▸ **Problem requirements**: When you write out the listing below, keep each word exactly as it stands and drop the pictures.

▸ **Provided material**:
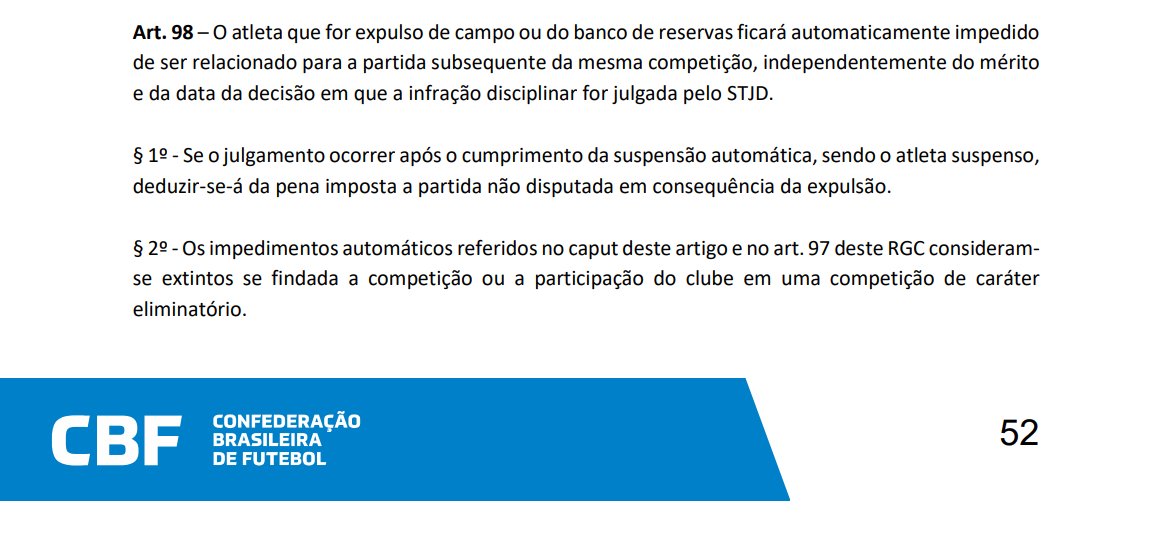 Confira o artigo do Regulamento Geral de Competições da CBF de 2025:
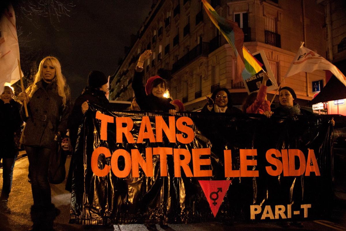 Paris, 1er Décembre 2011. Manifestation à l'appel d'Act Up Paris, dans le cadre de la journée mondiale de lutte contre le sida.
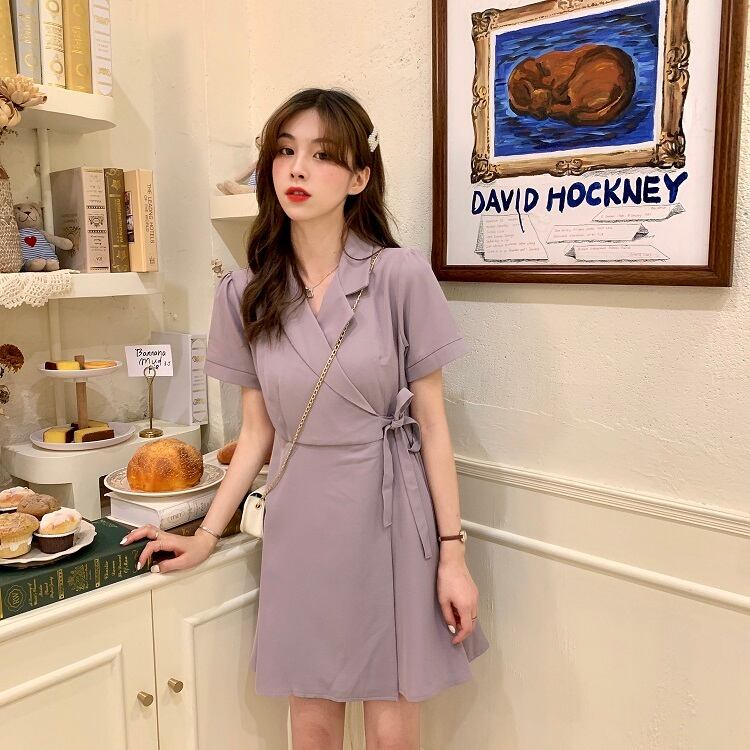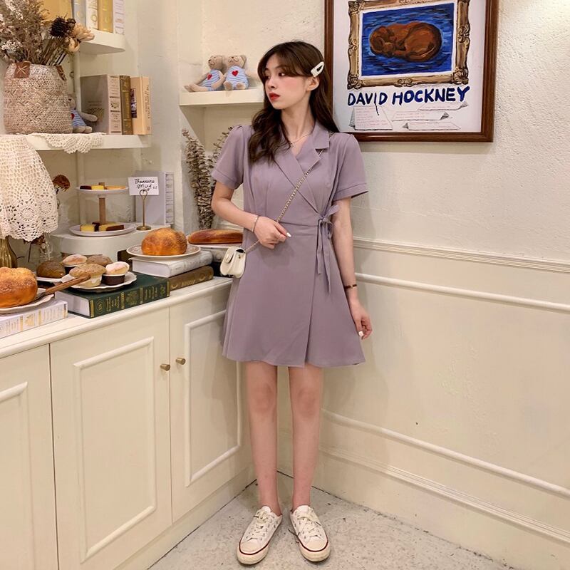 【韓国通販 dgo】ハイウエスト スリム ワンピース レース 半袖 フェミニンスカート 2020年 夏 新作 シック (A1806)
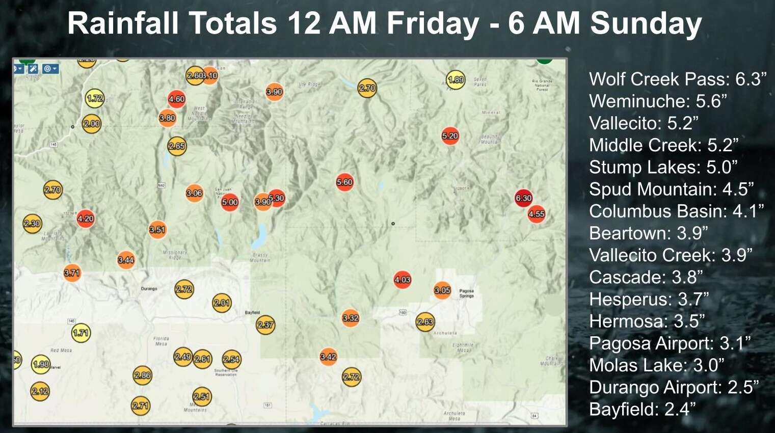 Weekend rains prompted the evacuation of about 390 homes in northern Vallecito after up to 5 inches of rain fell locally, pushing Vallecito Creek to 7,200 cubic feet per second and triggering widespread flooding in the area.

▸ **The completed task**:
 Confira o artigo do Regulamento Geral de Competições da CBF de 2025:
 Paris, 1er Décembre 2011. Manifestation à l'appel d'Act Up Paris, dans le cadre de la journée mondiale de lutte contre le sida.
 【韓国通販 dgo】ハイウエスト スリム ワンピース レース 半袖 フェミニンスカート 2020年 夏 新作 シック (A1806)
 Weekend rains prompted the evacuation of about 390 homes in northern Vallecito after up to 5 inches of rain fell locally, pushing Vallecito Creek to 7,200 cubic feet per second and triggering widespread flooding in the area.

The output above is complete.